Why Do We Lose Our Sense Of Taste During A Bad Cold?

Table of Contents (click to expand)

Common cold affects realization of food flavor not the taste of food. Flavor perception requires both taste and smell perception. Therefore, a blocked nose affects flavor of food since the sense of smell is impaired.

All of us know that annoying feeling when your nose turns into a faucet, the sneezes never cease, and you feel like your head could roll off your body at any moment. All those signs point to one truth…. you have a cold! Many people feel that relief will come in the form of warm beverages, soup, and bedrest, but colds dig a bit further into your misery and even make your food taste like nothing!

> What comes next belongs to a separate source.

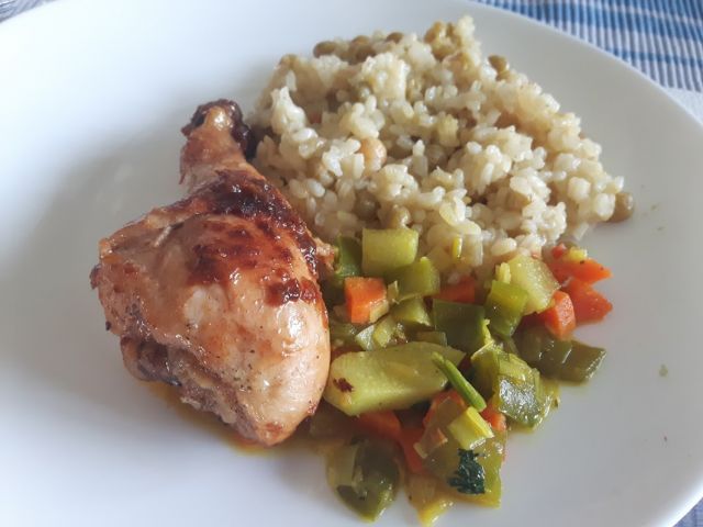 V nedeljo sem porabila ostanke nepohanega mesa in spekla bedra pa perutnice in nekaj mini filejev, ampak na čebuli in začimbah, zraven pa riž z grahom. Aja, pa zelenjavo sem na hitro prepražila, š

Understandably, you won’t be able to smell things due to all the mucus in your nose, but why does a cold steal away your sense of taste too? The answer to that question lies in knowing how our senses of smell and taste are closely interlinked. However, let’s first begin by identifying how we taste anything at all.


The Anatomy Of Taste

taste bud anatomy
source: beerpage.com

Our sense of taste is derived from the interaction of stimuli (such as food) with the sensory receptors in our mouth and throat. Within the mouth, the tongue and the palate (the roof of the mouth) are responsible for tasting most of that delicious pepperoni pizza you ordered.

If you closely observe your tongue, you will see that it is not smooth, but rather rough and bumpy. These tiny protuberances on your tongue are called papillae, which is where your taste buds reside. Our taste buds can contain as little as a single taste receptor or as many as 50 to 150 receptor cells.

When you put food on your tongue, the molecules in the food bind to and thereby stimulate the gustatory (taste) receptors. There are different receptors for different types of tastes that we associate with the five common tastes: sweetness, sourness, bitterness, saltiness, and umami (although there is recent research to identify taste receptors that also detect fattiness).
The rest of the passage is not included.